2. Suppose we know that nationwide the average monthly average spendings for the service is $70 but we don't know the standard deviation for this data. Construct a hypothesis testing for the case, the certain PaymentMethod is different than the national data.
  - hint: use `scipy.stats.ttest_1samp`

3. In our case we will focus on Payment Method == `'Mailed check'` but you can work with others too.
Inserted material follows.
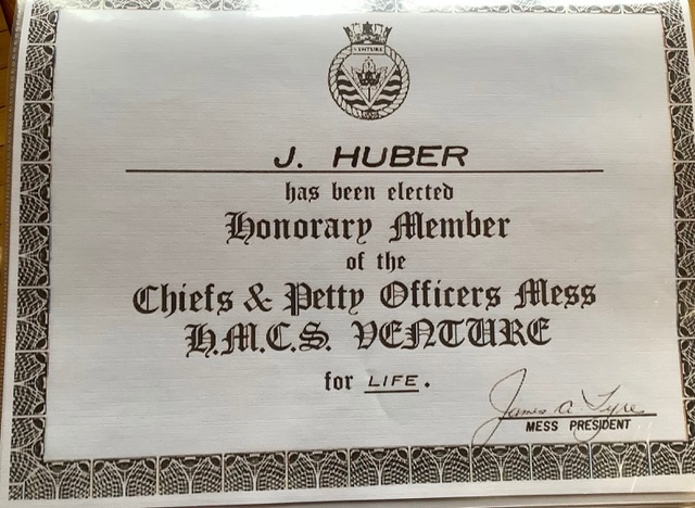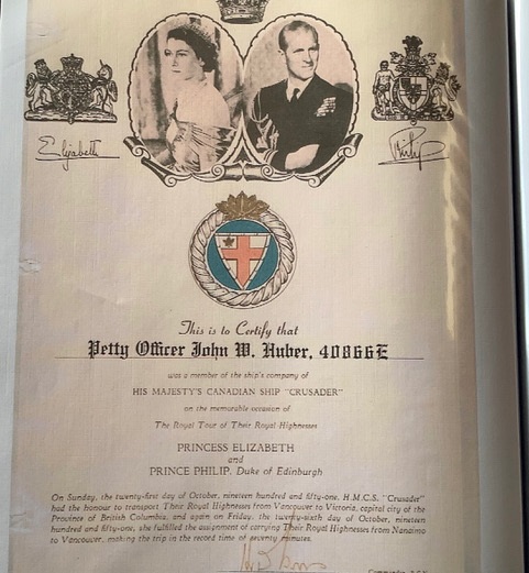 (JH11) Commemorative Certificate for HMCS CRUSADER transporting HRH Princess Elizabeth and Prince Phillip to Vancouver 21 Oct 1951 and 26 Oct 1951 (JH12) Retirement scroll for CPO John Huber (JH13) Lifetime honourary membership to the C&POs Mess, HMCS VENTURE

$H_{a}$: spending by mailed check is different than national average spending
 
$H_{0}$: there is no difference in the average spending between mailed check and national average

$\alpha$: 0.05


In [28]:
sample = df.loc[df.PaymentMethod == 'Mailed check'].MonthlyCharges

In [29]:
ttest_1samp(sample, 70)

Ttest_1sampResult(statistic=-39.79616513656546, pvalue=8.78311106869432e-242)

In [None]:
# We get a pvalue of practically zero, can reject the null hypothesis.

In [30]:
sample.mean()

43.917059553349915

In [32]:
ttest_1samp(sample.sample(10), 70)

Ttest_1sampResult(statistic=-6.252317282738224, pvalue=0.00014922092927042023)

In [None]:
# picking a sample of 10 from the 1612 observations, the p value is still significant to reject null. 

__Your Turn__

1. From the data set 'df' get the rows with SeniorCitizen ==1 and keep them in a variable called seniors

2. Keep other records in a variable called 'others'

3. Check how many observations do we have in each sample

In [35]:
df.SeniorCitizen.value_counts()

0    5901
1    1142
Name: SeniorCitizen, dtype: int64

In [34]:
seniors = df.loc[df.SeniorCitizen == 1]

In [36]:
others = df.loc[df.SeniorCitizen != 1]

In [46]:
seniors.head()

Unnamed: 0,customerID,gender,SeniorCitizen,Partner,Dependents,tenure,PhoneService,MultipleLines,InternetService,OnlineSecurity,...,DeviceProtection,TechSupport,StreamingTV,StreamingMovies,Contract,PaperlessBilling,PaymentMethod,MonthlyCharges,TotalCharges,Churn
20,8779-QRDMV,Male,1,No,No,1,No,No phone service,DSL,No,...,Yes,No,No,Yes,Month-to-month,Yes,Electronic check,39.65,39.65,Yes
30,3841-NFECX,Female,1,Yes,No,71,Yes,Yes,Fiber optic,Yes,...,Yes,Yes,No,No,Two year,Yes,Credit card (automatic),96.35,6766.95,No
31,4929-XIHVW,Male,1,Yes,No,2,Yes,No,Fiber optic,No,...,Yes,No,Yes,Yes,Month-to-month,Yes,Credit card (automatic),95.5,181.65,No
34,3413-BMNZE,Male,1,No,No,1,Yes,No,DSL,No,...,No,No,No,No,Month-to-month,No,Bank transfer (automatic),45.25,45.25,No
50,8012-SOUDQ,Female,1,No,No,43,Yes,Yes,Fiber optic,No,...,No,No,Yes,No,Month-to-month,Yes,Electronic check,90.25,3838.75,No


__Your Turn__

1. Now we would like to compare the MonthlyCharges for Seniors and others. 

I hypothesize that seniors should have lower Monthlycharges average than others. 

2. Write a hypothesis test that checks this claim.


$H_{a}:$ Seniors have lower monthly charges than others

$H_{0}:$ Seniors have the same or higher monthly charges than others

$\alpha:$ 0.05

Now we will test our results by using two sample t_test (`scipy.stats.ttest_ind`).

In [48]:
from scipy.stats import ttest_ind
ttest_ind(seniors.MonthlyCharges, others.MonthlyCharges, equal_var=False)

Ttest_indResult(statistic=22.288279118400933, pvalue=3.826212668910673e-98)

In [None]:
# conclusion: P-value is low enough that we reject null and conclude seniors have lower monthly charges than others.